- Born: December 14, 1942 (age 83)
- Occupations: Author and journalist
- Known for: Coining the phrase "sexual harassment" and calling attention to the issue of sexual harassment of women in the workplace

= Lin Farley =

American writer and feminist

Lin Farley (born December 14, 1942) is an American author, journalist and feminist. She was a leader in calling attention to the problems faced by women in the workforce, in particular sexual harassment.

==Sexual harassment==
In 1974, she was hired by Cornell University as director of the university's Women's Section and lecturer for a field study course called Women and Work. In a 1974 consciousness raising discussion connected with that course, she began to realize the extent of the problem that she later termed "sexual harassment". As the women in the class described their experiences in the workplace she noticed a pattern: every woman there had either quit or been fired from a job because they had been made so uncomfortable by the behavior of men. She discovered that this phenomenon of male harassment and intimidation of female workers had not been described in the literature and was not publicly recognized as a problem, although she continued to hear it described by women from all walks of life.

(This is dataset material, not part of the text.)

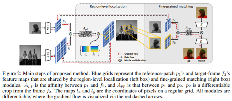 현재 frame에서 무작위로 추출한 image patch와 다음 frame 전체 이미지를 CNN에 전달해 생성한 두 feature map 사이의 유사도를 계산합니다.

In 1975, inspired by the case of Carmita Wood, an administrative assistant to Cornell professor Boyce McDaniel, the group at Cornell formed the anti-harassment organization Working Women United. Wood had resigned after she developed physical symptoms due to the stress of fighting off McDaniel's persistent sexual advances. After Cornell denied her unemployment compensation, Wood approached the Human Affairs Office, which was staffed by Farley and two other committed feminists, Susan Meyer and Karen Sauvigné.

In April 1975, she testified before the New York City Human Rights Commission Hearings on Women and Work, led by Eleanor Holmes Norton. She defined sexual harassment as "unwanted sexual advances against women employees by male supervisors, bosses, foremen or managers." She gave examples: "It often means that a woman is hired because she is pretty, regardless of her qualifications; that a woman's job security is eternally dependent on how well she pleases her boss, and he often thinks sexual companionship is part of the job description; and that women are fired because they have aged or they are too independent or they say 'no' to sexual byplay."

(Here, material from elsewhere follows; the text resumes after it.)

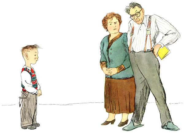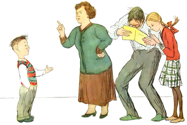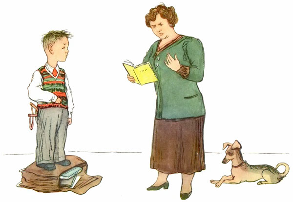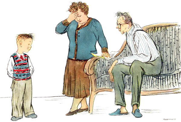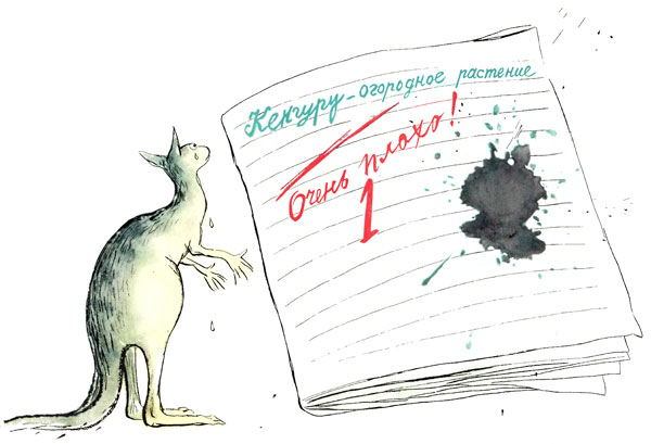 — За это, — мать сказала строго, —И единицы слишком много!— У нас отметки меньше нет! —Промолвил мальчик ей в ответ.— За что вторая единица? —Спросила старшая сестрица.— Вторую, если не совру,Я получил за кенгуру.Я написал в своей тетрадке,Что кенгуру растут на грядке! Отец воскликнул: — Крокодил,За что ты третью получил?!— Я думал, что гипотенуза —Река Советского Союза.— Ну, а четвёртая за что? —Ответил юноша: — За то,Что мы с Егоровым ПахомомНазвали зебру насекомым.— А пятая? — спросила мать,Раскрыв измятую тетрадь. — Задачу задали у нас.Её решал я целый час,И вышло у меня в ответе:Два землекопа и две трети.— Ну, а шестая, наконец? —

A New York Times reporter who heard her testimony wrote about it, and by the end of 1975 her message had reached a national audience. Government agencies began to recognize sexual harassment as a problem to be addressed. Norton's Human Right's Commission added language to their affirmative action agreements guaranteeing "protection to male and female employees alike against unfair abuse of sexual privacy". Over the following decades Farley gave numerous public and academic presentations on the topic, and served as a consultant to the U.S. Department of Labor, the AFL-CIO, civil rights organizations and women's study programs.

She wrote a book, Sexual Shakedown: The Sexual Harassment of Women on the Job, published by McGraw-Hill in 1978 and in a paperback version by Warner Books in 1980. In it she traced the history of sexual harassment as a longstanding issue and gave contemporary examples, such as help-wanted advertisements implying that acceptance of sexual interaction was part of the job description. The book established sexual harassment as an important topic on the feminist agenda. The Christian Science Monitor said the book was "an overdue alert to the sexual harassment of working women by male employers which starkly reveals the emotional and physical degradations inflicted on women in the exploitive politics of power at their most base."

In 1981, she collaborated on the 33-minute documentary The Workplace Hustle, produced by Woody Clark and Al Brito and narrated by Ed Asner. Farley was a consultant and also appeared in the film. It was intended as a training film for workplaces, and it was widely used for that purpose by government agencies as well as corporations like Xerox and Hewlett-Packard. It won awards at the San Francisco Film Festival and the New York Film Festival.

==Background and personal life==
Her parents, Vincent and Beatrice Farley, were working-class people; both were shop stewards in their respective unions. Her parents had little education, but read widely. She later commented, "My mother had a hard life and all her dreams were stifled. I know that I became a feminist and wrote Sexual Shakedown in part because I had become sensitized from her experiences as a working woman." She attended local public schools in New Jersey and then in Downey, California. During her senior year she was elected the Youth Governor of both the California YMCA Youth & Government (Y&G) Model Legislature Program, and the American Legion Auxiliary's Girls State. She was the 12th and first female Youth Governor for California's Y&G Program. She started and dropped out of several colleges before going to the University of Southern California on a journalism scholarship. Before graduation she went to work for the Associated Press in New York as a reporter and feature writer.

She taught at Cornell from 1974 to 1976, then became a freelance consultant on women's issues while writing her book. She received a master's degree in Eastern and Western Psychology from Naropa University in 1985. She earned a PhD in Eastern Psychology from the California Institute of Integral Studies in 1993; her thesis was titled "The secret world of men: Men's attitudes, beliefs, fantasies and desires with regard to women and children".

She lived in Taipei for three years while writing for the English-language publication Free China Journal. Returning to the United States, she became a consultant to computer companies on human factors engineering.